> _DATASET SECTION_
━━━━

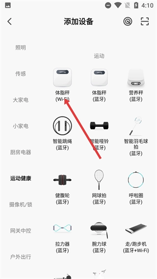 进入【添加设备】页面后,可在【照明】【运动】等分类下,选择【体脂秤(Wi-Fi)】【智能跳绳(蓝牙)】等对应设备进行添加。
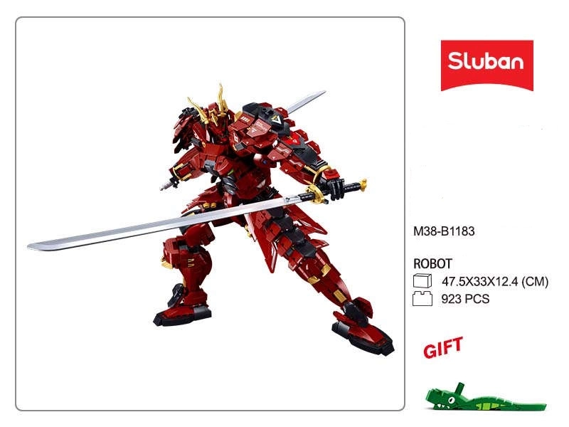 Das Sluban Roboter-Samurai Bauset verbindet die Stärke eines modernen Mechas mit der Tradition der japanischen Samurai. Dank reicher Details, der markanten roten Farbgebung und goldenen Elementen wirkt das Modell sowohl im Regal als auch beim Spielen imposant. Bewegliche Gelenke ermöglichen dynamische Kampfposen, und das Katana-Duo unterstreicht den authentischen Samurai-Stil.
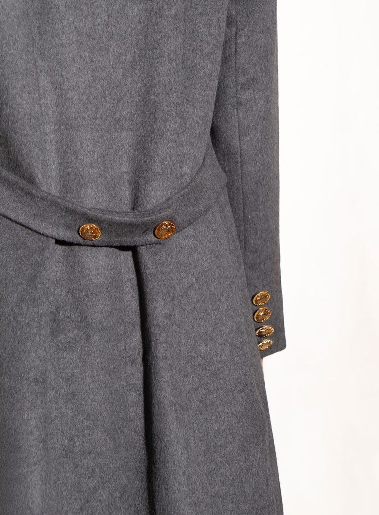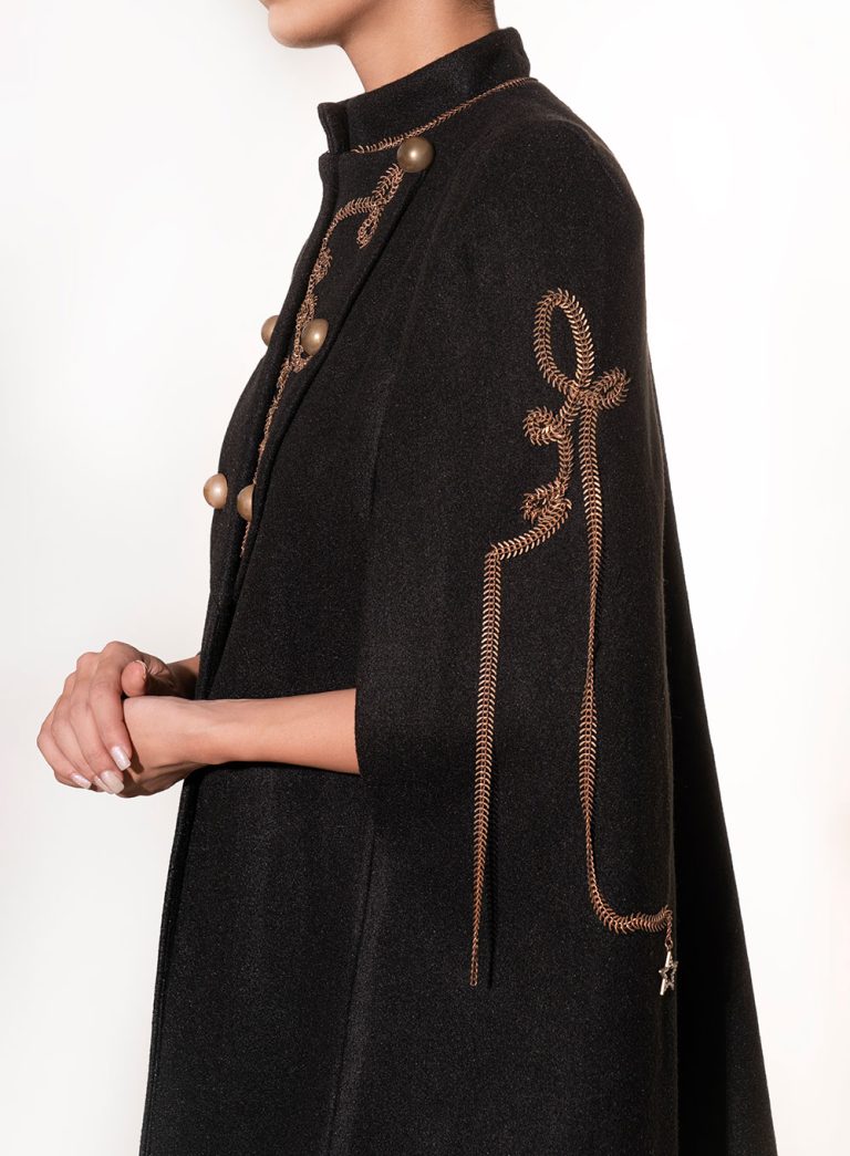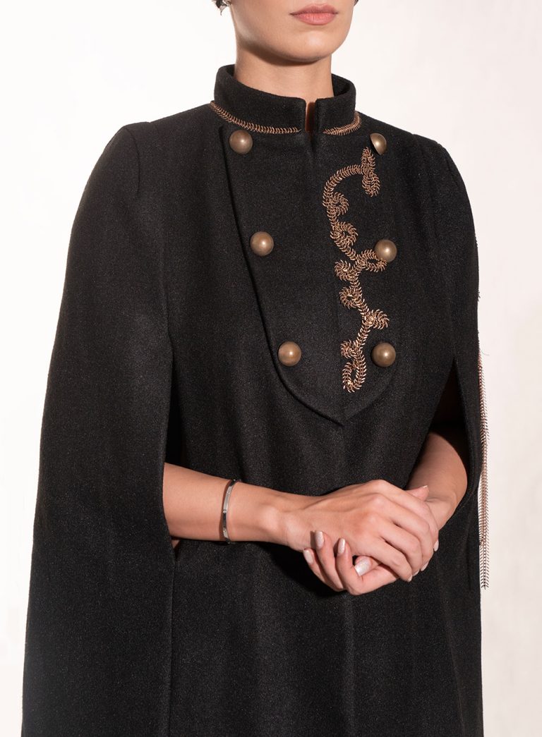 An elegant cape coat inspired by classic military tailoring, featuring intricate embroidery and statement metallic buttons. The structured neckline and open-arm design combine authority with feminine sophistication, creating a bold silhouette for refined evening or ceremonial wear.

━━━━

> _YOUR TASK_
All lines from the one holding "Das Sluban Roboter-Samurai" to the end of the listing above need to be duplicated exactly. None of the pictures should be included.

> _COMPLETED TASK_
 Das Sluban Roboter-Samurai Bauset verbindet die Stärke eines modernen Mechas mit der Tradition der japanischen Samurai. Dank reicher Details, der markanten roten Farbgebung und goldenen Elementen wirkt das Modell sowohl im Regal als auch beim Spielen imposant. Bewegliche Gelenke ermöglichen dynamische Kampfposen, und das Katana-Duo unterstreicht den authentischen Samurai-Stil.
 An elegant cape coat inspired by classic military tailoring, featuring intricate embroidery and statement metallic buttons. The structured neckline and open-arm design combine authority with feminine sophistication, creating a bold silhouette for refined evening or ceremonial wear.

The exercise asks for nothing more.